Wie aus dem Funktionsplan zum ÖEK hervorgeht, wurde an diesem Tag auch die Änderung Nr. 01 beschlossen, wonach auf der gegenständlichen Feuchtfläche eine Änderung durch "Entwicklungsmöglichkeit für umweltfreundliche Betriebe" ausgewiesen wurde.
Mit Schreiben vom ersuchte die beschwerdeführende Gemeinde die belangte Behörde um aufsichtsbehördliche Genehmigung der gegenständlichen Änderung.
Die Naturschutzabteilung der OÖ Landesregierung wies in einer Stellungnahme vom abermals darauf hin, dass in den Begutachtungsergebnissen zur Mischbaugebietsgewinnung und zu allen Erweiterungsabsichten die aus landschaftlichen und ökologischfunktionalen Gesichtspunkten nicht mehr mögliche Erweiterung in diesem Bereich deutlich zum Ausdruck komme. Aus Sicht der Naturschutzabteilung widerspreche die vorliegende Änderung und die zugehörige Abänderung des ÖEK den grundlegenden Zielsetzungen des Natur- und Landschaftsschutzes in einem Ausmaß, dass dem Vorhaben die aufsichtsbehördliche Genehmigung zu versagen sei.
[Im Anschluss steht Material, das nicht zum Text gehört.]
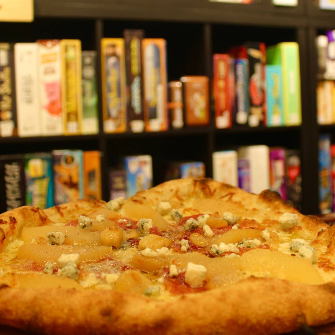 olive oil base, mozzarella, roasted pear, prosciutto, gorgonzola, garlic, drizzled with spicy honey
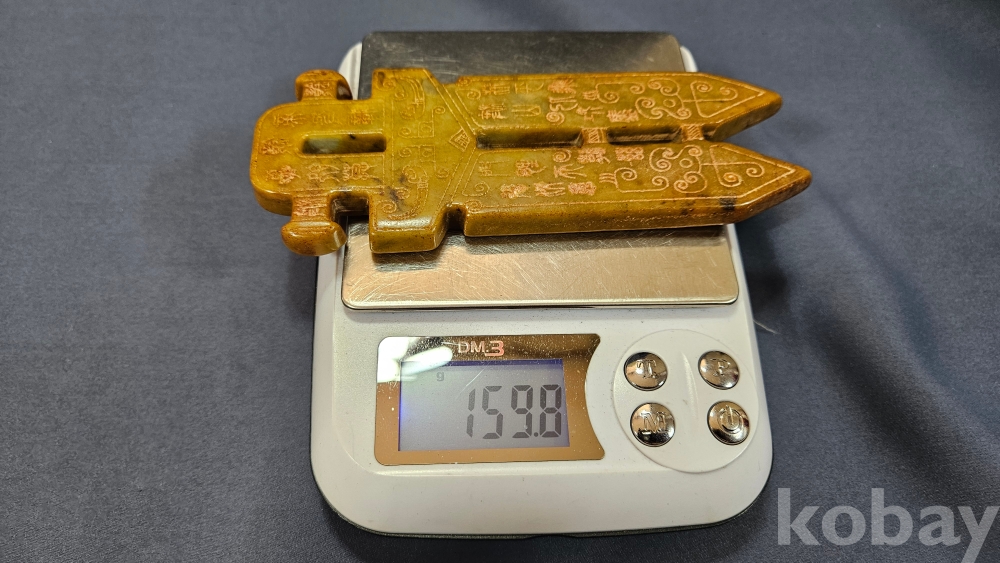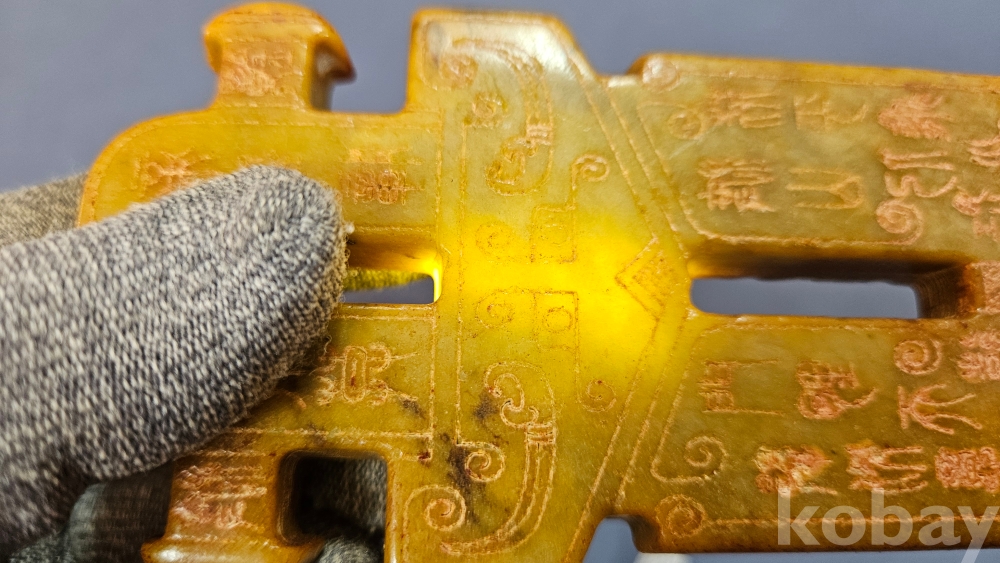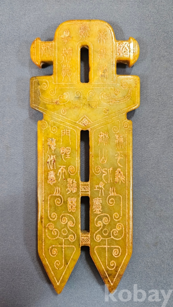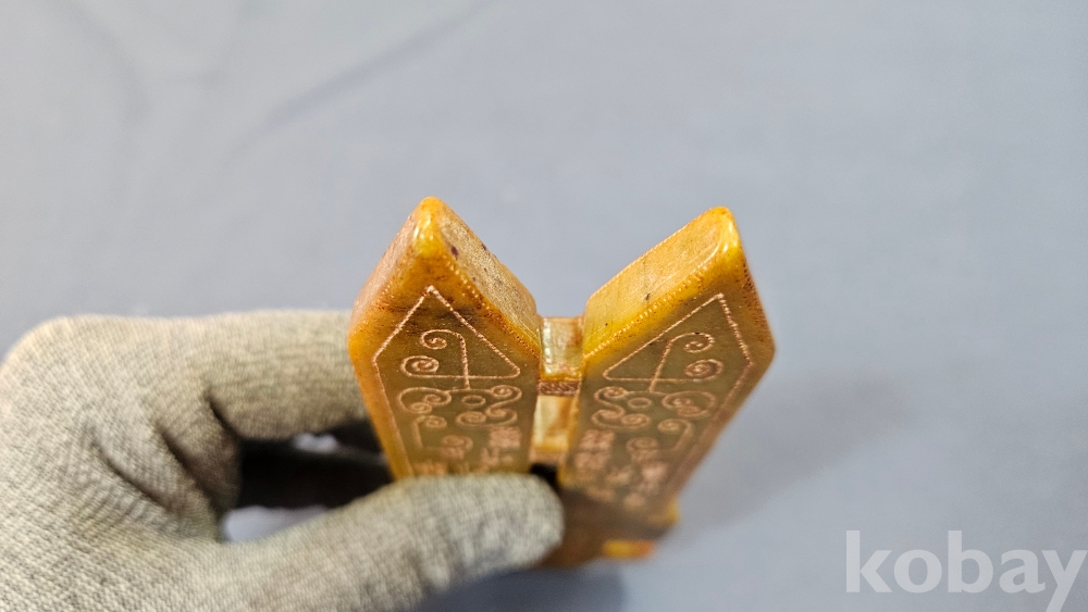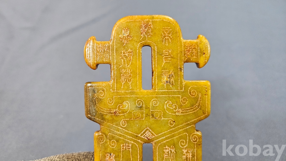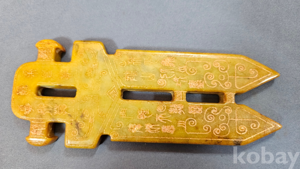 앞뒤로 특이한 문양이 새겨져있는 옥돌재질의

Über Ersuchen der belangten Behörde gab die Abteilung Raumordnung der OÖ Landesregierung zur Frage, ob und welche Versagungsgründe vorliegen, weil die Umwidmungsfläche verkleinert wurde, am eine neuerliche Stellungnahme ab. In der Änderung Nr 1 des ÖEK sei die Erweiterungsmöglichkeit für so genannte "umweltfreundliche Betriebe" auf dem Stand der ursprünglichen Planungsabsichten belassen worden. Die Verringerung der Entwicklungsmöglichkeiten sei daher nicht gegeben. Grundsätzlich müsse aus strukturellen, landschaftsräumlichen und ökologischen Gründen diese Planung insgesamt negativ beurteilt werden. Das in der Anlage enthaltene Foto dokumentiere die Bedeutung dieses Grünbereiches für den Landschaftsraum, zumal hier auch noch die Durchgängigkeit bis um Seeufer gegeben sei. Des Weiteren sei anzumerken, dass es in Fremdenverkehrsregionen nicht sinnvoll sei, nicht unbedingt dem Handel zugehörige Betriebe, wenn auch umweltfreundliche, in Bereichen mit ausgeprägter touristischer Bedeutung zu situieren. Für die Änderung des ÖEK seien aus fachlicher Sicht der Raumordnung und des Natur- und Landschaftsschutzes Versagungsgründe gegeben. Im Flächenwidmungsplan solle ca. die Hälfte des im ÖEK für eine weitere Entwicklung von Betrieben geplanten Bereiches als "Eingeschränktes Gemischtes Baugebiet" gewidmet werden. Für diesen Bereich gälten ebenfalls die Aussagen zum ÖEK, da auch nur durch eine Teilinanspruchnahme die Funktionen, die diesem Raum zuzuordnen sind, verloren gingen. In der Stellungnahme des Ortsplaners sei bezüglich der räumlichen Folgewirkungen jedenfalls ein Abwägungsdefizit feststellbar. Anzumerken sei, dass der gesamte Widmungsbereich innerhalb der HQ 100-Hochwasser-Anschlaglinie des Mondsees liege und daher entsprechend aufzuschütten sei.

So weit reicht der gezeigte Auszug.